**ABOUT THIS TASK**
Please print, exactly, only the lines in the entries below from the line that has "6/4 6年ライオン歯みがき大会 公開日" through the line that has "VTG Womens Earrings". Pictures don't go in.

BEGIN PROVIDED MATERIAL

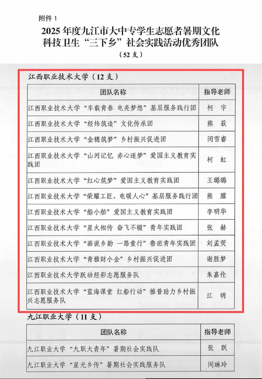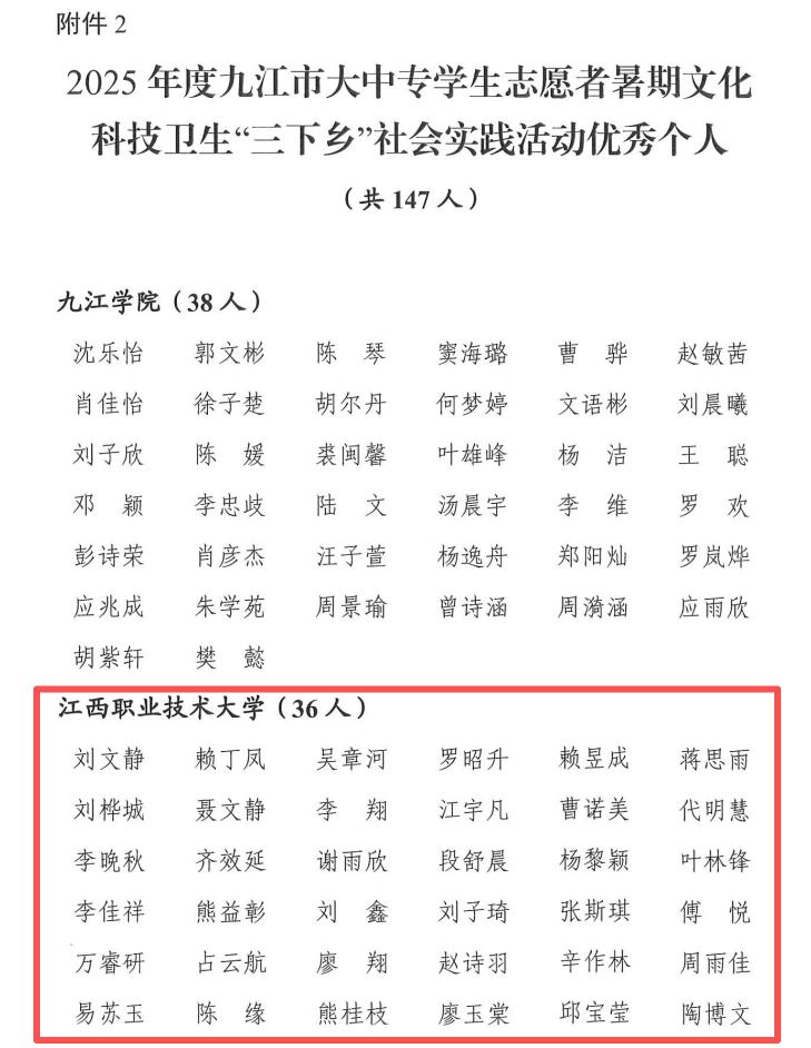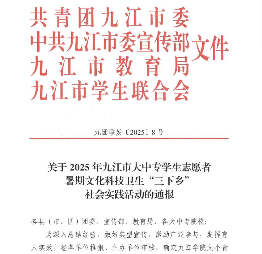 本网讯(校团委)近日,中共九江市委宣传部、共青团九江市委、九江市教育局、九江市学生联合会联合印发了《关于2025年九江市大中专学生志愿者暑期文化科技卫生“三下乡”社会实践活动的通报》,我校获评优秀团队12项、优秀指导教师12项,优秀个人36项。
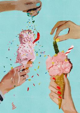 Du bist auf der Suche nach einem Hauch von Freude in deinem Zuhause? Dann ist unser Wandkunstwerk „Spring Chilli and Pickle Icecream“ genau das Richtige für dich. Dieses verspielte Kunstwerk zeigt fröhliche Hände, die Eiswaffeln mit kunterbunten Streuseln und ungewöhnlichen Toppings wie Chili und Essiggurken dekorieren. Ein echter Eyecatcher!
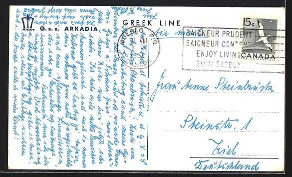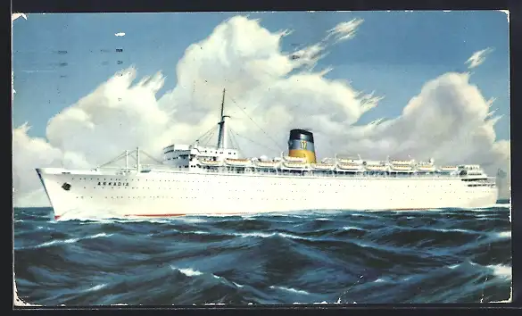 AK Greek Line, S.S. Arkadia auf unruhiger See
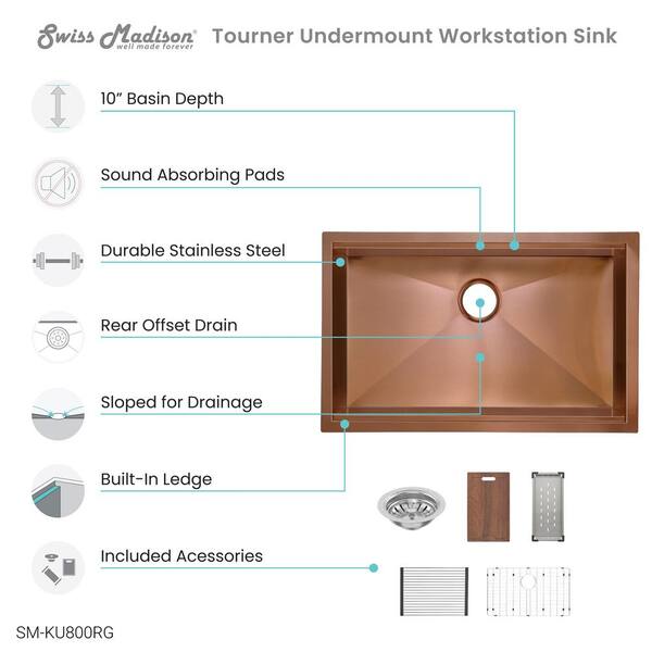 Tourner Stainless Steel 30 in. Single Bowl Undermount Workstation Kitchen Sink
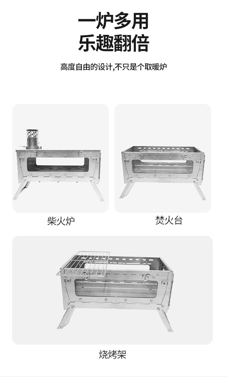 WT-Star-plus 스테인레스 스틸 다기능 캠핑 휴대용 경량 난방 접이식 나무 난로 시각적 스토브
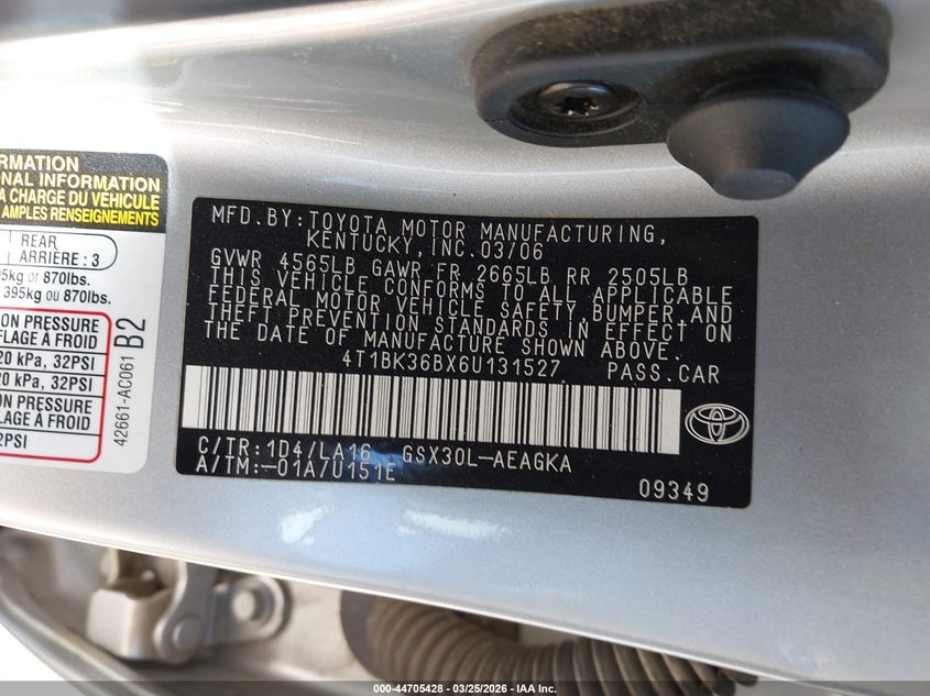 • 4T1BK36BX6U131527
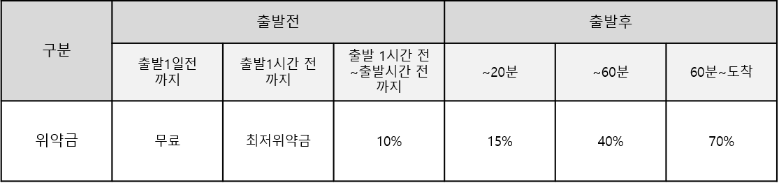 - 반환위약금: 주말(금~일, 공휴일) 기준 위약금 적용
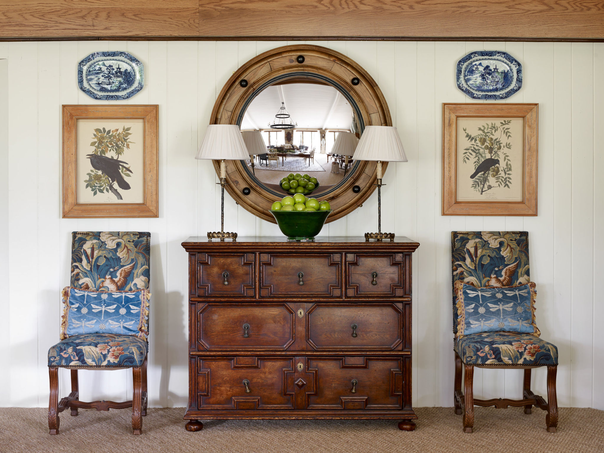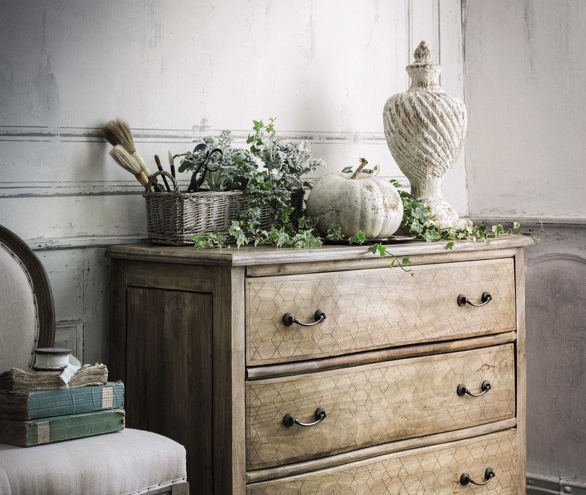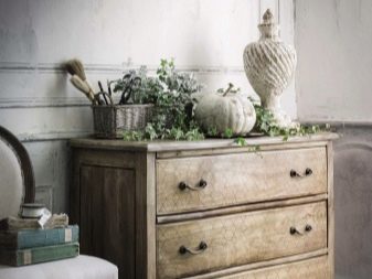 Los muebles hechos de roble o pino lacados serán un muy buen hallazgo. Los artículos antiguos también se integran armoniosamente en el entorno.
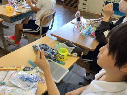 6/4 6年ライオン歯みがき大会 公開日 2024/06/04 更新日 2024/06/04 各学年から 6年1組では、映像を見ながらライオン歯みがき大会を実施していました。歯みがきの方法だけでなく、デンタルフロスを使った歯と歯の間、磨き残しが多くなる部分の磨き方についても実施していました。
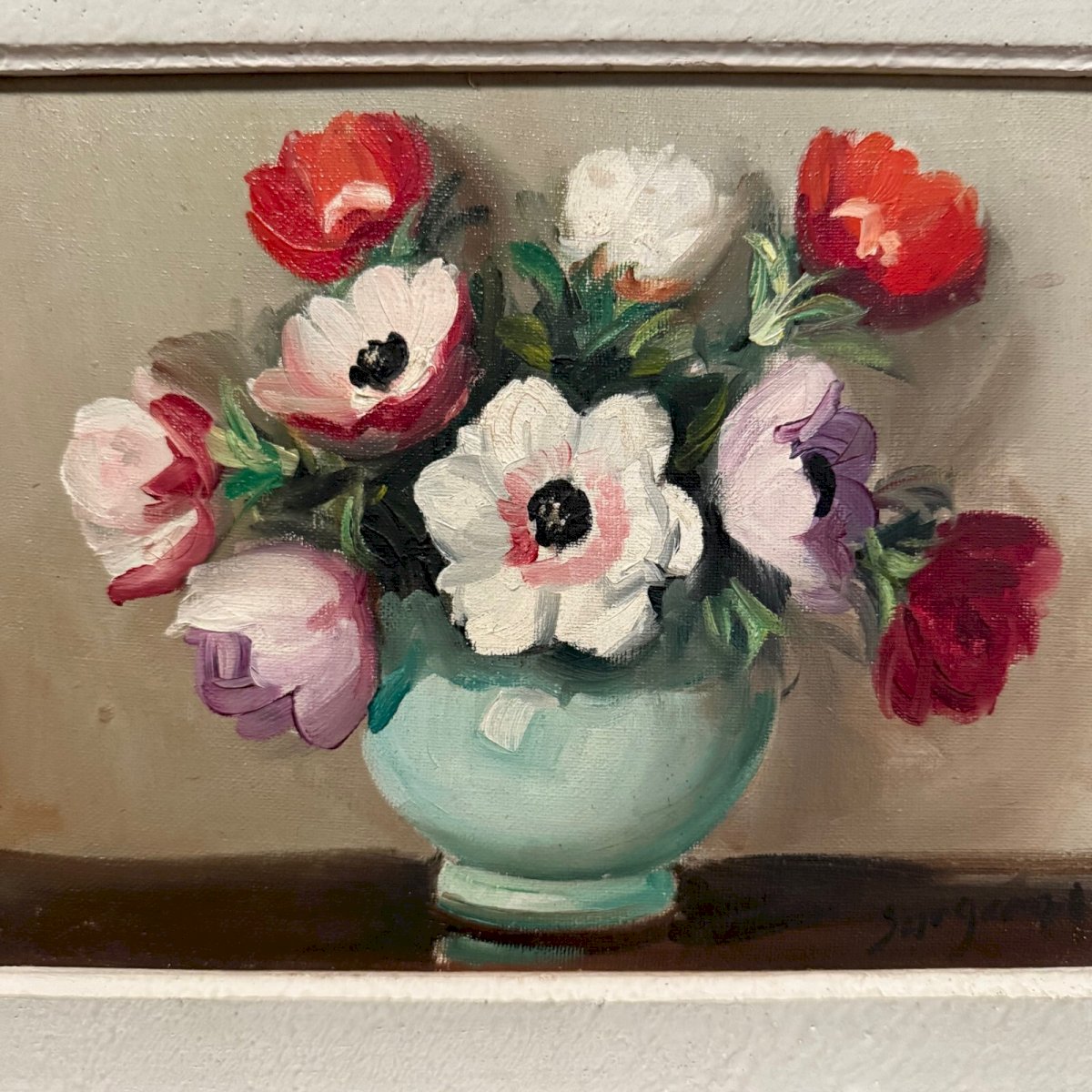 Oil on canvas still life flower bouquet 20th century L9032 We have not identified the artist of this mid-20th century oil on canvas, but the brushwork is interesting. The frame is cerused. Our photos allow you to appreciate the quality of the work. For the condition, please carefully examine the photos. Do not hesitate to zoom in. The photos are an integral part of the description. Dimensions: Frame Height: 30.5 cm Width: 35.5 cm Thickness: 6 cm View Height: 17.5 cm Width: 22.5 cm A: QX2CW2YLAY P: 1557389 I remain at your disposal for any questions. Type: Oil Height: 30.5 cm Features: On canvas Theme: Still life Width: 35.5 cm
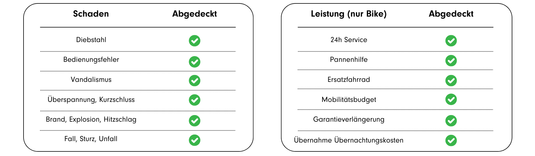 Unseren Rundum-Schutz und unseren ROLAND Bike-Schutzbrief hast du kurz schon kennengelernt. Doch gehen wir ins Detail. Innerhalb des gesamten Leasingzeitraums bist du über unseren inklusiven Service umfassend abgesichert. Sei es ein Sturz, Unfall oder einfach nur Ungeschicklichkeit. Lass dein Fahrrad einfach bei einem unserer Partnerhändler innerhalb kürzester Zeit reparieren. Ohne viel Bürokratie. Dank des ROLAND Bike-Schutzbriefes kannst du sogar unterwegs verschiedenste Serviceleistungen wie dein Mobilitätsbudget oder Ersatzfahrräder in Anspruch nehmen. Klingt das nicht gut?
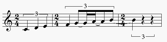 Malheureusement, la notation musicale traditionnelle ne fournit pas de moyen pour représenter cette structure : il n'existe pas de signature qui permette d'exprimer quatre noires de triolet dans une mesure.
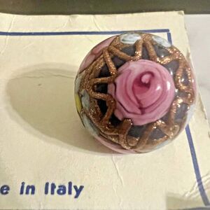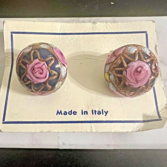VTG Womens Earrings Murano glass clip on round with floral decoration and aventurine Made in Italy.
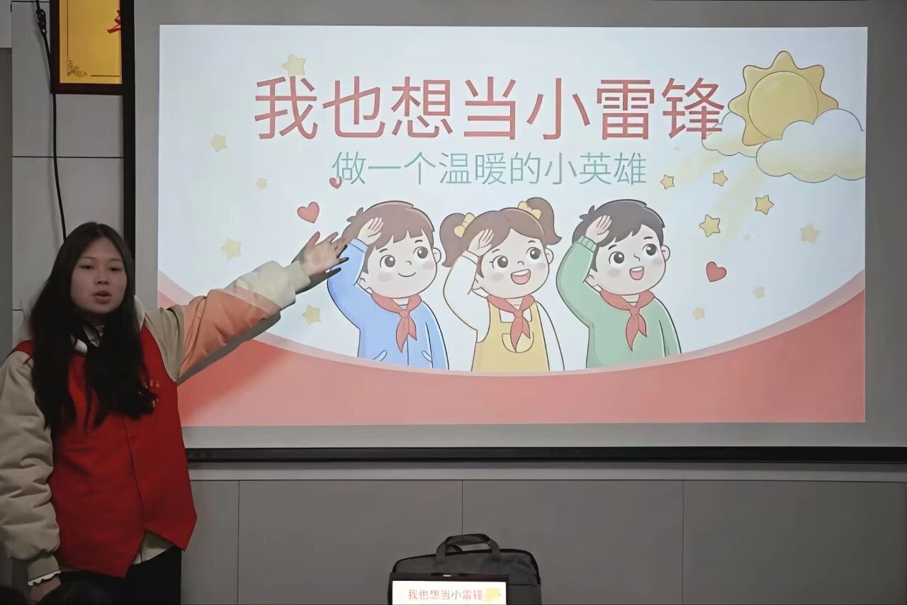 活动伊始,志愿者精心制作动画视频形式的PPT,将雷锋帮大嫂买票、冒雨送老人回家等经典故事以生动画面呈现。节奏舒缓,画面温馨,配合志愿者细致的手势引导,孩子们目不转睛,时而用手指着屏幕,用稚嫩的表情与动作表达着对雷锋的敬佩与喜爱,课堂内暖意融融。

END PROVIDED MATERIAL

**REPLY**
 6/4 6年ライオン歯みがき大会 公開日 2024/06/04 更新日 2024/06/04 各学年から 6年1組では、映像を見ながらライオン歯みがき大会を実施していました。歯みがきの方法だけでなく、デンタルフロスを使った歯と歯の間、磨き残しが多くなる部分の磨き方についても実施していました。
 Oil on canvas still life flower bouquet 20th century L9032 We have not identified the artist of this mid-20th century oil on canvas, but the brushwork is interesting. The frame is cerused. Our photos allow you to appreciate the quality of the work. For the condition, please carefully examine the photos. Do not hesitate to zoom in. The photos are an integral part of the description. Dimensions: Frame Height: 30.5 cm Width: 35.5 cm Thickness: 6 cm View Height: 17.5 cm Width: 22.5 cm A: QX2CW2YLAY P: 1557389 I remain at your disposal for any questions. Type: Oil Height: 30.5 cm Features: On canvas Theme: Still life Width: 35.5 cm
 Unseren Rundum-Schutz und unseren ROLAND Bike-Schutzbrief hast du kurz schon kennengelernt. Doch gehen wir ins Detail. Innerhalb des gesamten Leasingzeitraums bist du über unseren inklusiven Service umfassend abgesichert. Sei es ein Sturz, Unfall oder einfach nur Ungeschicklichkeit. Lass dein Fahrrad einfach bei einem unserer Partnerhändler innerhalb kürzester Zeit reparieren. Ohne viel Bürokratie. Dank des ROLAND Bike-Schutzbriefes kannst du sogar unterwegs verschiedenste Serviceleistungen wie dein Mobilitätsbudget oder Ersatzfahrräder in Anspruch nehmen. Klingt das nicht gut?
 Malheureusement, la notation musicale traditionnelle ne fournit pas de moyen pour représenter cette structure : il n'existe pas de signature qui permette d'exprimer quatre noires de triolet dans une mesure.
VTG Womens Earrings Murano glass clip on round with floral decoration and aventurine Made in Italy.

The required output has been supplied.